Her net worth remains undisclosed. Given her consistent rejection of public financial disclosure, it is likely to remain that way.
Linda Susan Agar’s Legacy — Why Choosing Privacy Is Its Own Kind of Statement
The dominant narrative about children of famous parents assumes that proximity to fame produces either a career built on it or a life destroyed by it. Susan Black fits neither category.
She inherited the most famous name in 1930s American entertainment and used it for nothing. That is not a passive outcome. It is a sustained, decades-long decision made consistently across every available opportunity for public engagement.
In doing so, she preserved something Shirley Temple herself said she valued most — the ordinary life of a mother and family. Susan is the proof that it was real.
Conclusion
Linda Susan Agar — known through most of her life as Susan Black — is the biological daughter of Shirley Temple and John Agar, born January 30, 1948, in Santa Monica, California. She is alive in 2026, living privately in California. Her story spans three names, a legal adoption, a brief television appearance, one daughter, and a lifetime of deliberate distance from the fame she was born into.
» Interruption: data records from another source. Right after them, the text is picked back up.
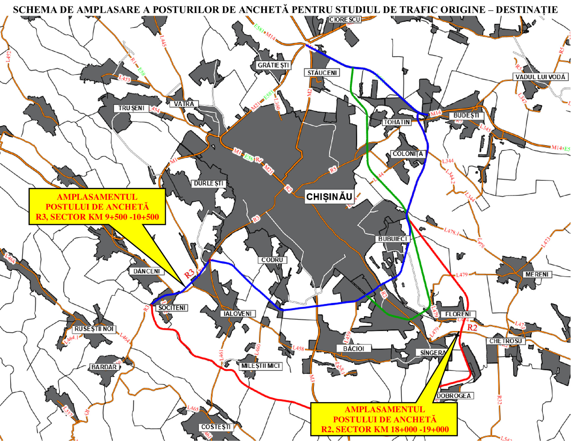 - Traseul R2 Chișinău-Bender-Tiraspol-M5, sectorul cuprins între km 18,500 – 19,500;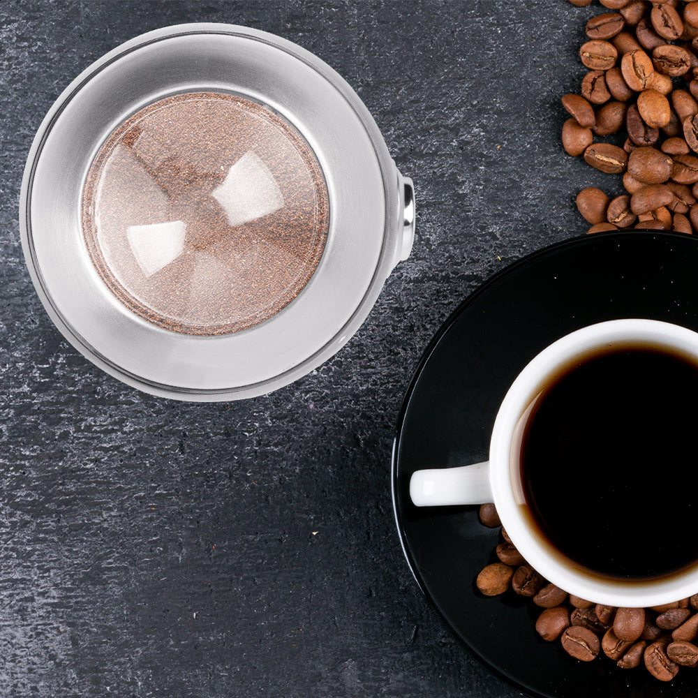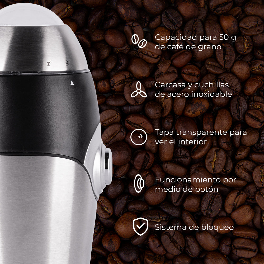 ¡Para los amantes del café! Con una capacidad de 50g y un funcionamiento por medio de un botón de pulso, podrás moler tu café en segundos y disfrutar de su aroma y sabor incomparables.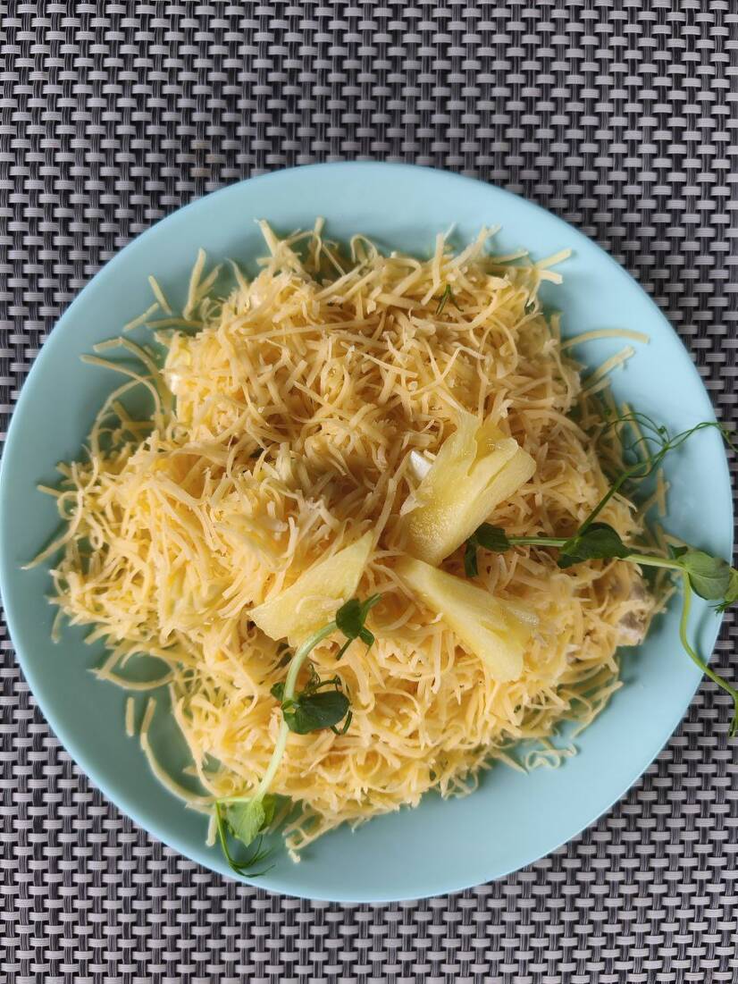 Куряче філе , ананас консервований, яйце , сир твердий, часник , майонез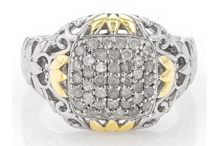 • Pre-Owned 0.40ctw Round White Diamond Rhodium And 14k Yellow Gold Over Sterling Silver Cluster Ring - Size 6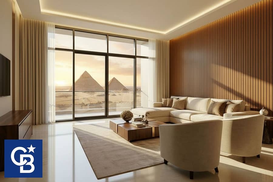 Hotel apartment 70 sqm with Pyramids view in a prime location near Sphinx Airport, offering strong investment returns
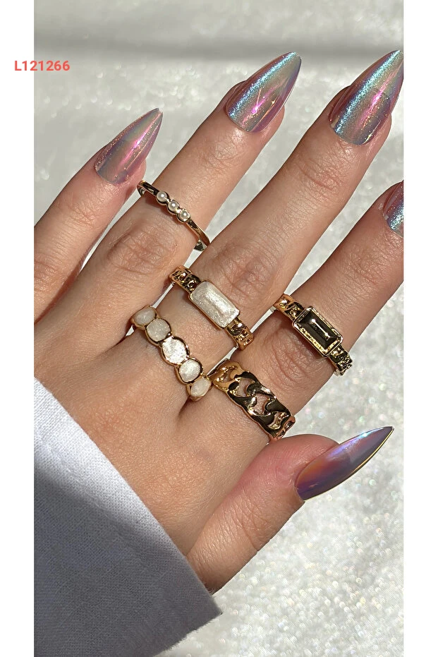 استمتعي بأناقة لا مثيل لها مع مجموعة خواتم Eylülü الفاخرة ذات اللون الذهبي! تتضمن المجموعة خمسة خواتم بتصاميم عصرية تضفي لمسة ساحرة على إطلالتك، مما يجعلها مثالية لكل مناسبة. اجمعي بين الأناقة والراحة واستمتعي بإطلالة مميزة تخطف الأنظار!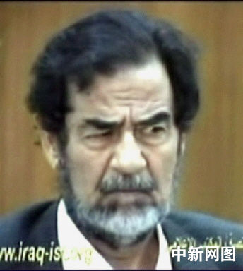 6月13日公布的伊拉克前總統(tǒng)薩達姆在一不明地點接受質(zhì)詢的電視照片。伊拉克特別法庭表示,一名法官已向薩達姆提出質(zhì)詢,調(diào)查一什葉派穆斯林聚居的村莊里數(shù)十名男子被殺害事件。1982年,薩達姆曾在該村逃過一次暗殺。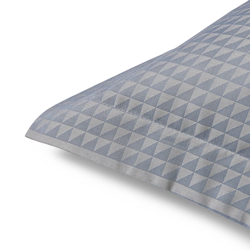 Georg Jensen Damasks Facet sengetøj har et stringent design og er damaskvævet i 100 % kæmmet bomuld, som giver en blød og glat overflade. Med Facet designet benytter tekstilkunstner Jette Nevers den klassiske damaskvævning til at skabe et elegant skyggespil, der smukt fremhæves i de smukke grå toner i farven Quartz.

The most important thing her story confirms is this: privacy, when chosen consistently and without apology, becomes its own legacy. Susan did not disappear. She simply decided that her life belonged to her.
If you want to understand Shirley Temple’s private world more fully, start with the woman who knew her best — not as an icon, but as a mother. Susan’s few public statements tell that story more clearly than any biography has managed to capture.
FAQs
Q: Is Linda Susan Agar still alive in 2026?
A: Yes, Linda Susan Agar is alive as of 2026. She lives privately in California at age 78. No verified death record or credible obituary exists. The “died in 2000” claim found on some websites is unverified and inaccurate.
Q: Why do some websites say Linda Susan Agar died in 2000?
A: The claim is a data error with no sourcing. It likely originated from a misattributed entry in celebrity biography databases and was copied without fact-checking. No death certificate, obituary, or primary record supports it.
Q: Why is she called Susan Black instead of Linda Susan Agar?
A: After Shirley Temple divorced John Agar in 1949, she married Charles Alden Black, who legally adopted Susan. She took the Black surname and has used it throughout her adult life. The name Linda Susan Agar appears primarily in birth records and her IMDb listing.
Q: Did Linda Susan Agar pursue an acting career?
A: She appeared in two minor roles on The Shirley Temple Storybook, her mother’s NBC television series, billed as Susan Agar on IMDb. She never pursued further acting and chose a private life away from entertainment entirely.
Q: Who is Teresa Caltabiano?
A: Teresa Caltabiano is Susan’s only known daughter. She is not a public figure. Shirley Temple was reportedly close to Teresa and met Teresa’s own child before her 2014 death, making Temple a great-grandmother through Susan’s line.
Q: Did Shirley Temple’s diplomatic career affect Susan’s life?
A: By the time Temple served as U.S. Ambassador to Ghana (1974) and Czechoslovakia (1989), Susan was an adult with her own private life established. The postings shaped the family’s public profile but did not directly alter Susan’s upbringing, which ended well before Temple’s diplomatic appointments began.
Q: How much did Linda Susan Agar inherit from Shirley Temple?
A: The exact figure has not been made public. Shirley Temple’s estate was estimated at $10–$30 million at the time of her February 2014 death. As a biological daughter, Susan was among the beneficiaries, but California probate records have not confirmed a specific inheritance amount.
Q: Did Linda Susan Agar maintain a relationship with her biological father, John Agar, after the divorce?
A: This is not publicly documented. Shirley Temple was awarded full custody after the 1949 divorce. John Agar continued his acting career, remarried, and died on April 7, 2002. No confirmed account of contact between him and Susan after the divorce exists in the public record.